Washington: As we wait for Juno’s first close-up images of Jupiter on August 27, NASA continues to explore our solar system to help answer fundamental questions about how we came to be, where we are going and whether we are alone in the universe.
“Juno is the latest example of the extraordinary science we have to look forward to right in our own solar system,” said Jim Green, Director of NASA Planetary Division.
“There are many uncharted, promising worlds and objects we are eager to explore with our current and future missions,” he added in a statement.
In September, NASA will launch OSIRIS-REx (Origins, Spectral Interpretation, Resource Identification, Security-Regolith Explorer) – the first US mission to a near-Earth asteroid (Bennu) to collect a sample for return to Earth in 2023.
OSIRIS-REx will help unlock secrets of the history of our solar system, and shed light on how life may have come to be on our planet.
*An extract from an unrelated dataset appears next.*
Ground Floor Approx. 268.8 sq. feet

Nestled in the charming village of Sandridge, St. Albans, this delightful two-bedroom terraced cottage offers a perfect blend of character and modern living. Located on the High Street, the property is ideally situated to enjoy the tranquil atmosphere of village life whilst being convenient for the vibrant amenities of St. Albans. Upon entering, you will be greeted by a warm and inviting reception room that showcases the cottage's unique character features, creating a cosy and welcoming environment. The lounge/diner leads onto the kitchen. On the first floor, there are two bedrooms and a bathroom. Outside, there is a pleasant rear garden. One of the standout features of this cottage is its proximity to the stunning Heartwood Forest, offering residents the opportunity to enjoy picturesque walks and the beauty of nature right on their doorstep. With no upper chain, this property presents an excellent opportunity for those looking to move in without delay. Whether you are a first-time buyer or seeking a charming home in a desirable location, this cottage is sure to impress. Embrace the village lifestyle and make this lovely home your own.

The James Webb Space Telescope (Webb telescope), set to launch in 2018, can observe not only faint objects across the universe but also our neighbouring planets and their moons within our solar system.
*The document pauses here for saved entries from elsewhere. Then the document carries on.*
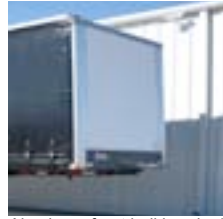
Aluminum front bulkhead w/ FRP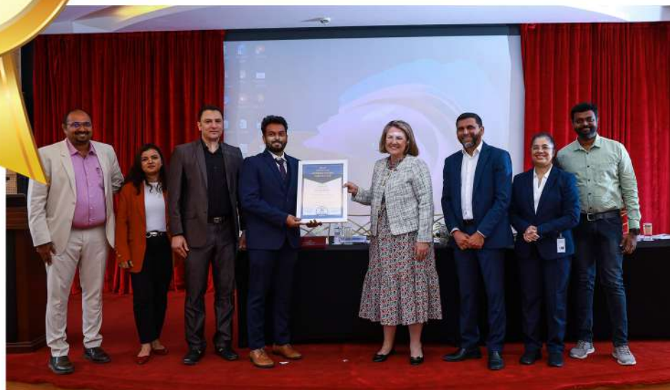
CITY CLINIC KHAITAN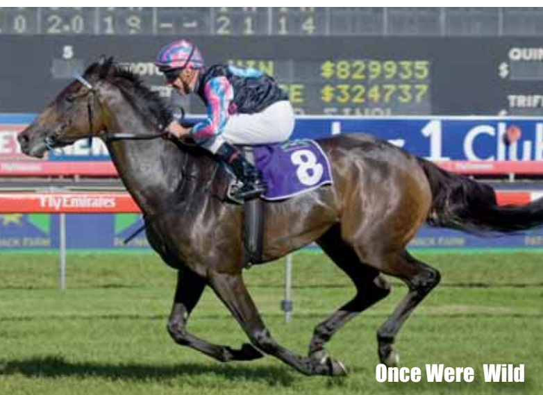
Once Were Wild

Webb’s angular and spectral resolution will allow us to observe these targets with unprecedented sensitivity and even follow geologic activity.
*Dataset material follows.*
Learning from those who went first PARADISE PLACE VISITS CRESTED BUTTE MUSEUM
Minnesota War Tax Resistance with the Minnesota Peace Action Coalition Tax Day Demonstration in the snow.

With Juno exploring Jupiter, NASA is also intrigued by its largest moons.
Io’s intense geological activity makes it the most volcanically active world in the solar system, something Webb could potentially follow-up with.
The US space agency has selected nine science instruments for a future mission to investigate whether Europa — a mysterious moon that scientists believe to have a liquid ocean beneath its icy surface — hosts habitable environments.
Hubble, with its suite of upgraded instruments, has captured Jupiter’s auroras and found evidence of saltwater on Jupiter’s largest moon, Ganymede.
The mission has been extended another five years, and NASA expects it to continue to provide excellent science.
“NASA’s Cassini spacecraft continues exploring Saturn, its rings and moons, as it has since 2004. In 2017, during the final phase of its long mission, Cassini will complete 22 dives through the narrow gap between Saturn’s outer atmosphere and its rings,” the statement read.
Titan is one of the major satellites of Saturn, with a rich atmosphere and surface chemistry that has been observed extensively by Cassini and ESA’s Huygens Probe.
After Cassini’s mission ends, Webb will begin operations, providing an excellent platform for continuing studies of Titan with its unique new capabilities.
“On our journey to Mars, we are closer than ever before to sending American astronauts to our neighbouring Red Planet,” Green noted.
The next Mars rover scheduled for launch in 2020 is under construction and NASA’s InSight Mission to study the interior of the Red Planet is scheduled to launch in 2018.